- Born: 9 February 1932 Lyon, France
- Died: 6 March 2023 (aged 91) Mouans-Sartoux
- Education: École Centrale Paris Massachusetts Institute of Technology
- Occupations: Founder of Accor, president of the Institute Paul Bocuse
- Relatives: Gilles Pélisson (nephew)

= Gérard Pelisson =

French businessman (1932–2023)

Gérard Pélisson (9 February 1932 – 6 March 2023) was a French hotelier and businessman who was the co-founder of the Accor Group, and president of the Institut Paul Bocuse.

== Early life ==
Pelisson was born in Lyon in 1932 and obtained his engineering diploma from the École Centrale Paris in 1955. He was a graduate of Massachusetts Institute of Technology (MIT) in Boston.

== Career ==
Pelisson co-founded the hospitality company the Accor Group.

In September 2008, he wrote, together with Paul Dubrule, the history of the adventure of Accor Group published in the Harmony of the Accor Group by Transversales Éditions.

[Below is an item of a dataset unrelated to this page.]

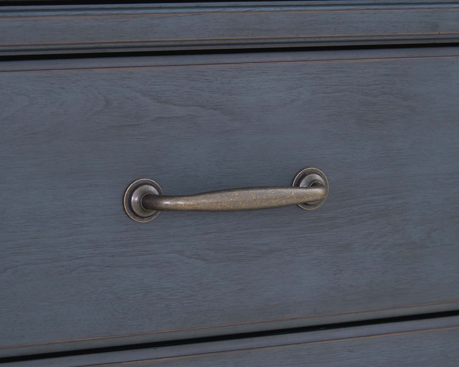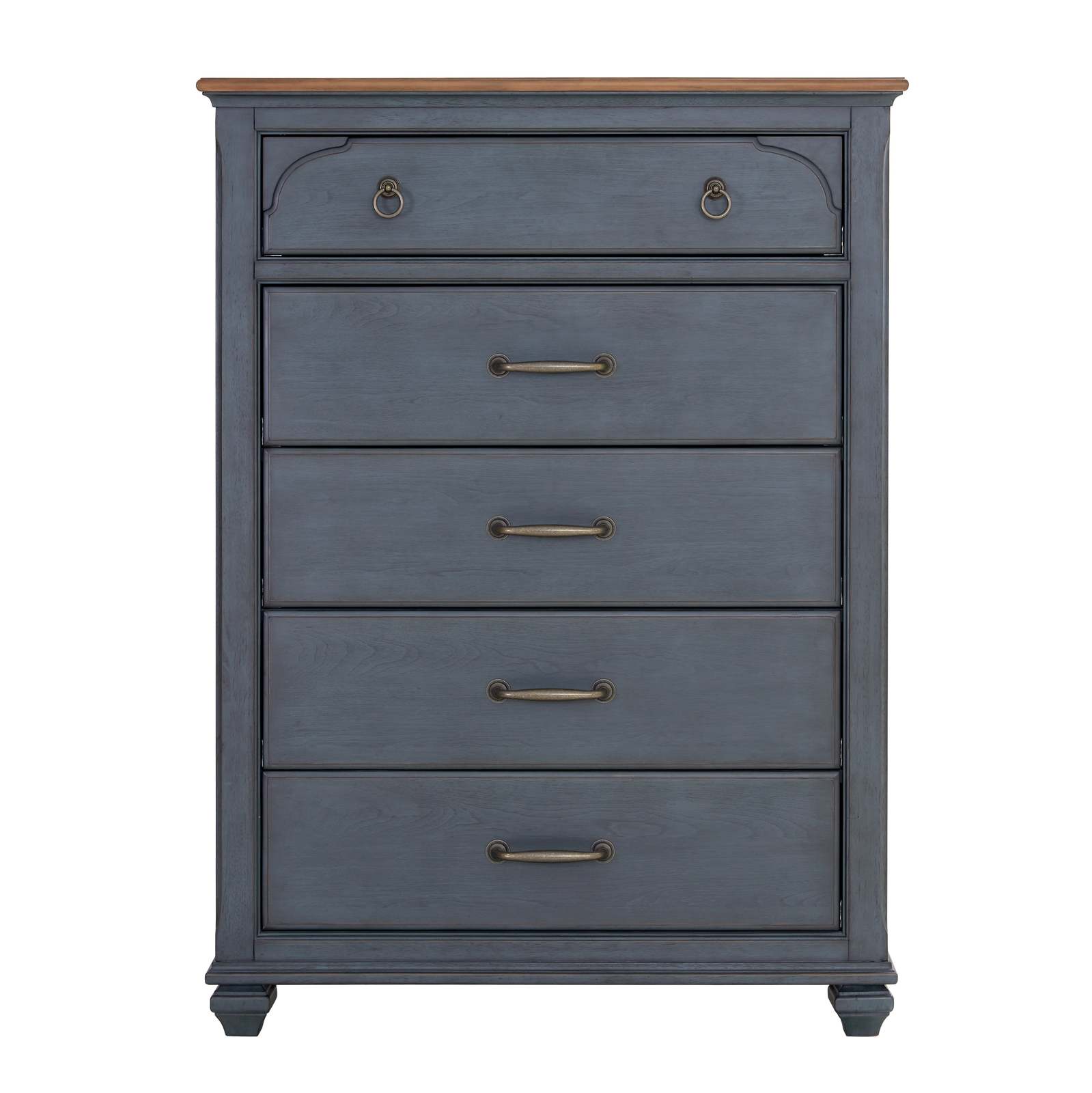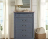 This Chest boasts a refreshing coastal twist on traditional style. Skillfully crafted from Rubberwood Solids and Birch Veneers, the subtle distressing Corduroy Blue finish and Antique Pewter hardware give this Chest an updated look with a timeless heirloom feel. Featuring five drawers with felt lined top drawer, this Chest will provide ample storage space for clothing and accessories. Just like Baseball, Apple Pie and Rock Roll, this Chest of Drawers will become a beloved favorite in your home. Fully assembled upon arrival, this piece is ready to unbox and enjoy

As one of the supporters of Charles Millon, he was a Patron of the International School of Business and Development 3A in 1993.

Pelisson was president of the Union des Français de l'Étranger from 1997–2023.

On 27 January 2011, he delivered a press conference concerning the reasons the Accor Group left Tunisia 3 years before. In his words, he mentioned "In Tunisia, we were forced, for example, to buy for 7 million euros a run-down hotel that was completely worthless, in order to allow the bank to list that sum as an asset. This is no longer possible".

==Bibliography==
Le Bonheur d'entreprendre, de Novotel à Accor (Undertaken Happiness): a great human adventure, Jean-Philippe Bozek, 2010 ed. (history of Gérard Pélisson and Accor Group written in the form of a fictionalized biography).

== Death ==
On 6 March 2023, Pelisson died at the age of 91. Business executive and President of TF1 Gilles Pélisson is his nephew.